— Work item —
The line containing "工人们陆续将这些建筑模块吊起来,拼接安装。不到3个小时,一栋2层别墅落成" marks the start. Restate it and every following line through the end of the records exactly, and nothing else, leaving out the pictures.

:: Records for processing

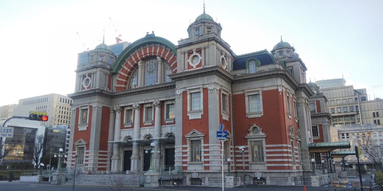 大阪市中央公会堂は文化、芸術、社会活動の場として今でも利用されています。近くにある日本銀行の大阪支店などと同じ大正時代のレトロ建築です。つい先日まではクリスマスなどにあわせてイベントなとが目の前の広場でされていました。
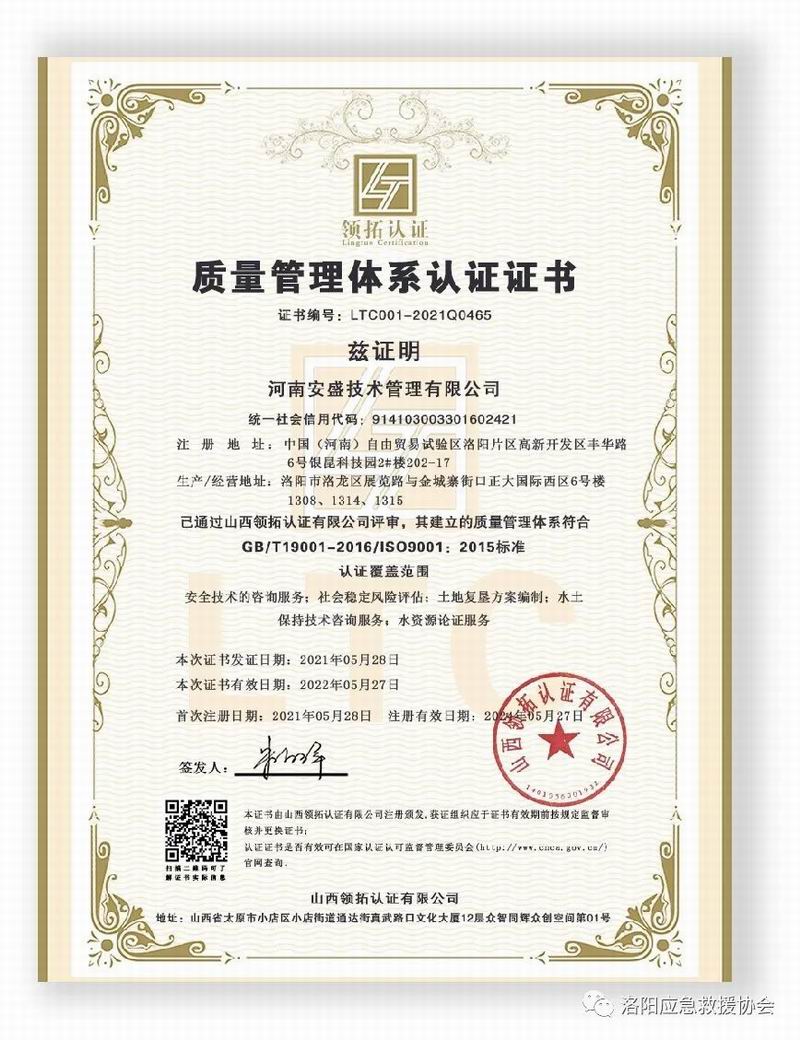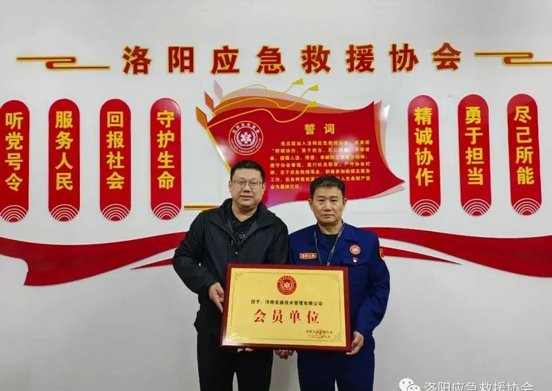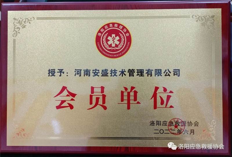 河南安盛技術(shù)管理有限公司被洛陽市應(yīng)急救援協(xié)會授予會員單位牌匾
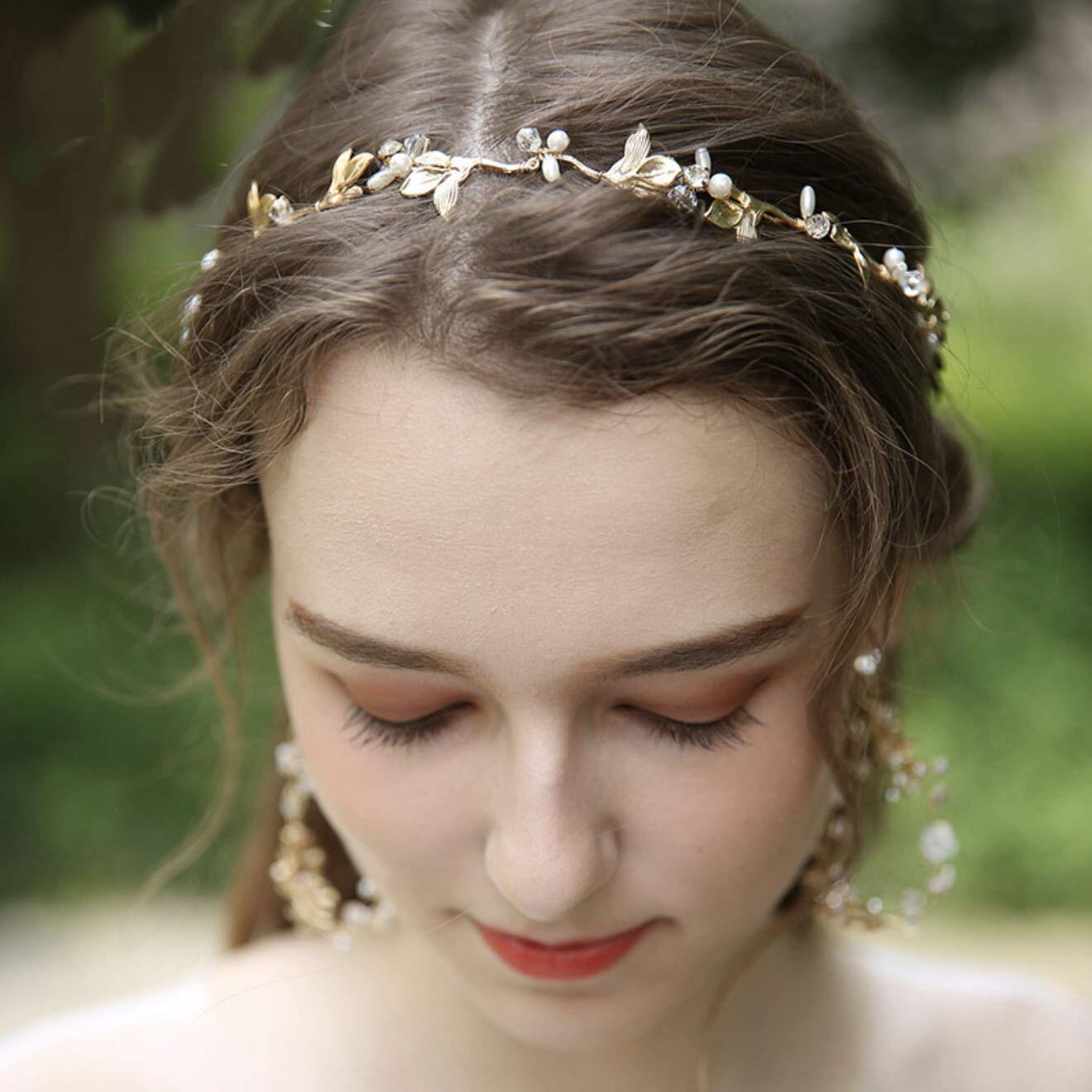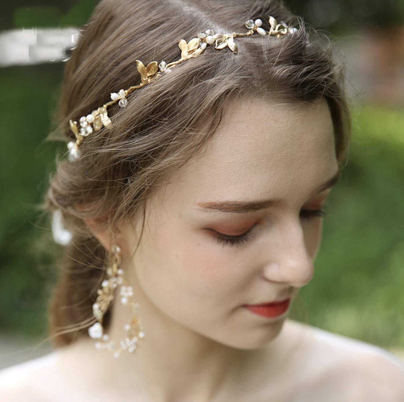【J's select】ゴールド リーフ ウェディング 結婚式 ブライダル 花嫁 ヘッドドレス カチューシャ 髪飾り ピアス イヤリング セット
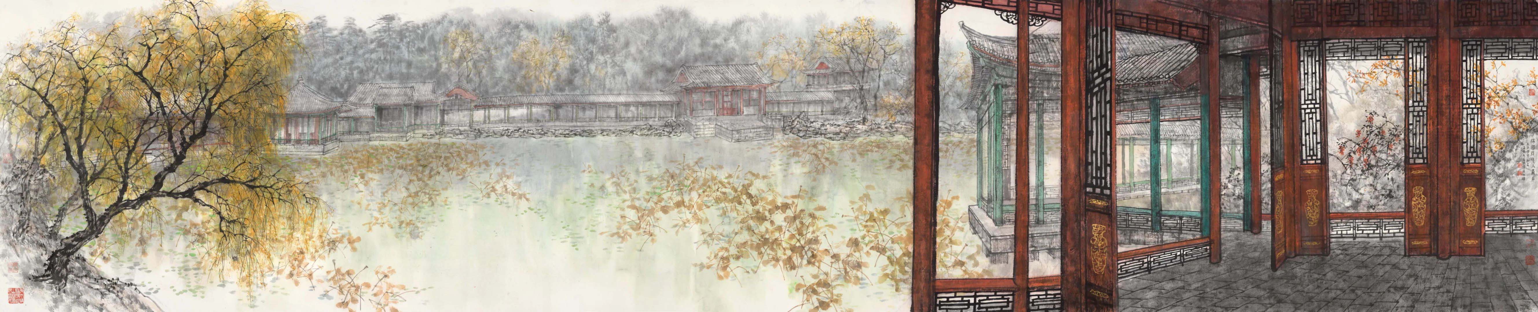 本次展览汇集当代中国画名家、北京画院原院长王明明先生近年来创作的中国古典园林题材作品近百幅,呈现了中国皇家园林富丽幽逸和文人园林清新典雅的气象。
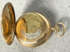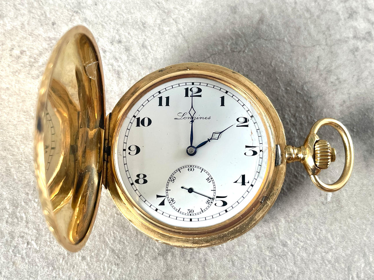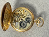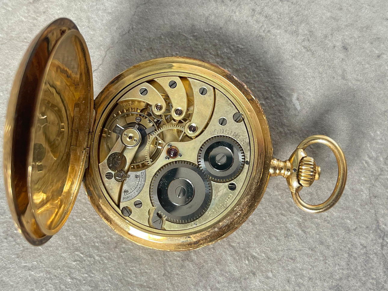 18k gold case with approx. 59mm in diameter. Box with three chiseled covers. Brass machine. Porcelain dial with micro seconds at six. Manual winding. Total weight 95.35gr. Approximate years 1920-1930.
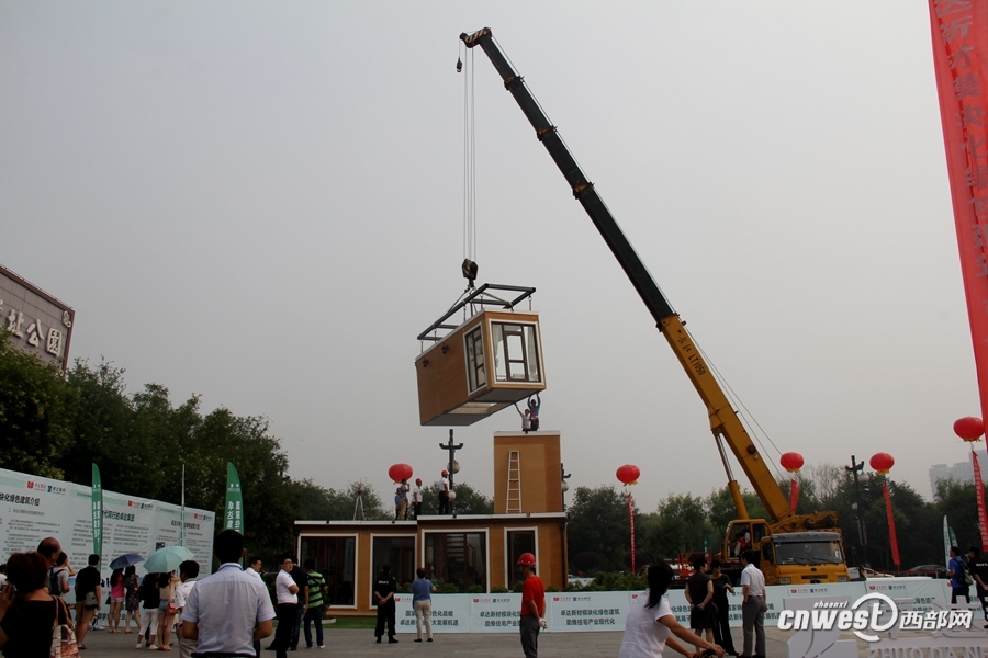 工人们陆续将这些建筑模块吊起来,拼接安装。不到3个小时,一栋2层别墅落成
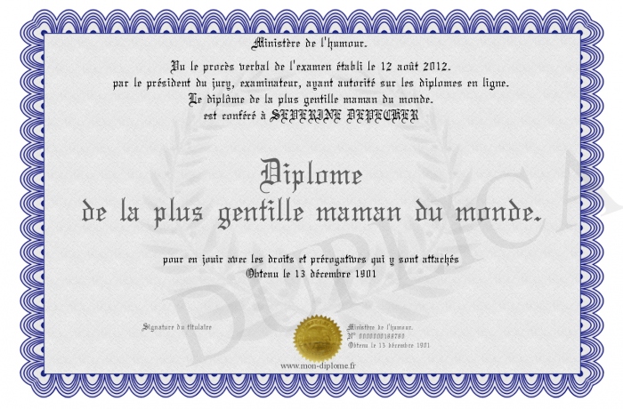 Envoyez par email votre Diplôme de la plus gentille maman du monde. personalisé

::::

— Solution to the problem —
 工人们陆续将这些建筑模块吊起来,拼接安装。不到3个小时,一栋2层别墅落成
 Envoyez par email votre Diplôme de la plus gentille maman du monde. personalisé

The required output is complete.